Ranges of frequencies that support inhibitory lockings at two conductance values

We examined the range of frequencies that support N:1 locking; we parameterized the two heterogeneous neurons by their intrinsic, uncoupled frequencies and illustrated the bands in which locking is enabled. The symbols in Fig. 8 show the parameter values at which N:1 lockings were observed at a relatively strong conductance of g_syn = 0.15 mS/cm² whereas the solid lines show the narrow regimes in which N:1 locking are observed at the relatively weak conductance of g_syn = 0.01 mS/cm². The color scheme from Fig. 5 is retained, but the 1:1 lockings are shown for completeness (weak coupling, black line; strong coupling, gray circles). These were calculated using similar methods based on PRCs that have been published elsewhere (7,8). Clearly, stronger coupling broadens the range of ratios of intrinsic frequencies that allow locking because there is a greater range of frequencies for each neuron with greater phase resetting, thus more opportunity to reach an exact locking. The solid lines indicate the regions in which the intrinsic frequency of the fast neuron is essentially an integral multiple of the slow neuron, but the broad bands indicate that for strong coupling an integer ratio of intrinsic frequency is no longer necessary. Not only are the bands broadened, but additional bands such as those for 4:1 (Fig. 8, blue circles) and 5:1 (Fig. 8, magenta circles) lockings appear in this region of parameter space for strong but not weak coupling. The separation of the modes into distinct bands such as those seen in Fig. 5 is also evident here, becoming more prominent at lower frequencies. Initially, a few parameter values that were predicted to support phase locking did not support locking in the observations. This was determined to be a result of bistability. The same initial conditions were used for all simulations, and at some parameter values these led to complex modes. If initial conditions from phase locked modes located nearby in the parameter space were instead used as initial conditions, the predicted modes were observed. In general, one can see from Fig. 8 that the correspondence between predicted and observed was quite reasonable.

Figure 8.

Qualitative comparison of predicted and observed modes for pulsatile coupling method as both intrinsic frequencies are varied. (A) The predictions were generated using the methodology described in Fig. 4. The circles indicate stable predicted modes at each locking ratio. (B) The observations were generated by numerically solving the full system of differential equations that describe the two coupled Wang and Buzsáki neurons. The colors indicate the value of N. The solid lines correspond to the very narrow bands predicted and observed at g_syn = 0.05 mS/cm² whereas the bands composed of small open circles correspond to the broader bands predicted at g_syn = 0.15 mS/cm². The stronger inhibitory coupling enabled the observation of 4:1 and 5:1 locking, which were not observed at the weaker coupling strength in the range of intrinsic frequencies shown.

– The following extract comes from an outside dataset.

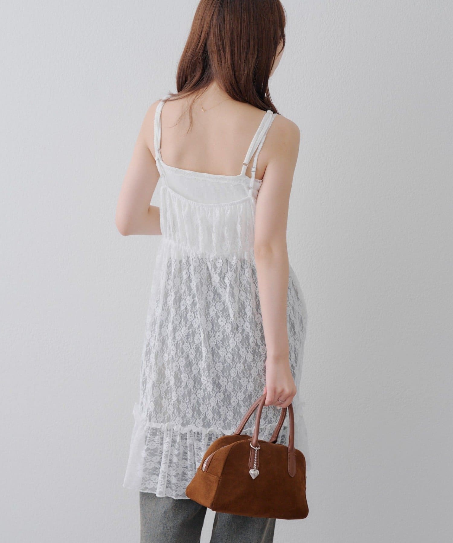 • Remind me and forever(リマインドミーアンドフォーエバー) 【レイヤードを楽しむならコレ!】レースドロストキャミワンピース
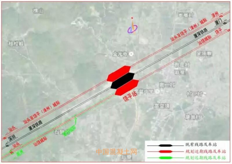 既有饒平站為廈深鐵路既有中間站,位于地面。規劃汕頭-饒平(漳 州)、汕頭-饒平南、潮州-饒平 3 條城際線 5 個方向引入本站,建議規劃分 設客專場和城際場 2 個車場,其中汕頭至饒平(漳州)城際引入客專場(客 專場位于既有饒平站北側緊鄰并行設置),規劃汕頭-饒平南城際、潮州- 饒平共 2 條線路接入城際場(城際場位于既有饒平站南側緊鄰并行設置)。 客流通過地下通道或站廳換乘。見圖 6-3-6。

The conductance was increased still further to g_syn = 0.25 mS/cm² in Fig. 9, and the locking bands became even broader. The gaps between the bands of the same color indicate complex lockings similar to but not exactly N:1. The observations shown in Fig. 9 B are the result of parameter sweeps from two different initial conditions. In one sweep the next spikes of the fast and slow neuron were aligned closely, and in one sweep they were not. Using both sets of initial conditions was necessary to prevent large gaps in the observations (Fig. 9 B) compared to the predictions (Fig. 9 A) due to bistability. Some of the small remaining gaps in the observed versus predicted could likely be resolved by a more exhaustive search of the state space. However, as in the case of Fig. 5, some incorrect predictions were due to errors on the boundary of stability. In some of these cases, rather than predictions that were not observed, modes were observed but not predicted. For example at g_syn = 0.25, there was a very thin band of 3:1 solutions (Fig. 9 B, green open circles) that were often missed because the band was too narrow to be robustly detected in the parameter space in the presence of error. For example, a 3:1 solution is correctly predicted and observed at I_app values of (0.78, 1.64), corresponding to frequencies of (20.6, 11.37 Hz). A 3:1 mode was also observed at I_app values of (0.77, 1.62) or (20.9, 11.8 Hz), and its existence was predicted correctly. However, that mode was incorrectly predicted to be unstable because one of the predicted phases was near a region of rapidly changing slope of the PRC, causing it to be vulnerable to error. A similar phenomenon was observed in that several 4:1 modes (blue open circles) at g_syn = 0.15 (Fig. 8) in a similarly narrow band of solutions were also missed.

Figure 9.

Qualitative comparison of predicted and observed modes for stronger pulsatile coupling as both intrinsic frequencies are varied. (A) The predictions were generated using the methodology described in Fig. 4. The circles indicate stable predicted modes at each locking ratio. (B) The observations were generated by numerically solving the full system of differential equations that describe the two coupled Wang and Buzsáki neurons. The colors indicate the value of N whereas the bands composed of small open circles correspond to the bands predicted at g_syn = 0.25 mS/cm².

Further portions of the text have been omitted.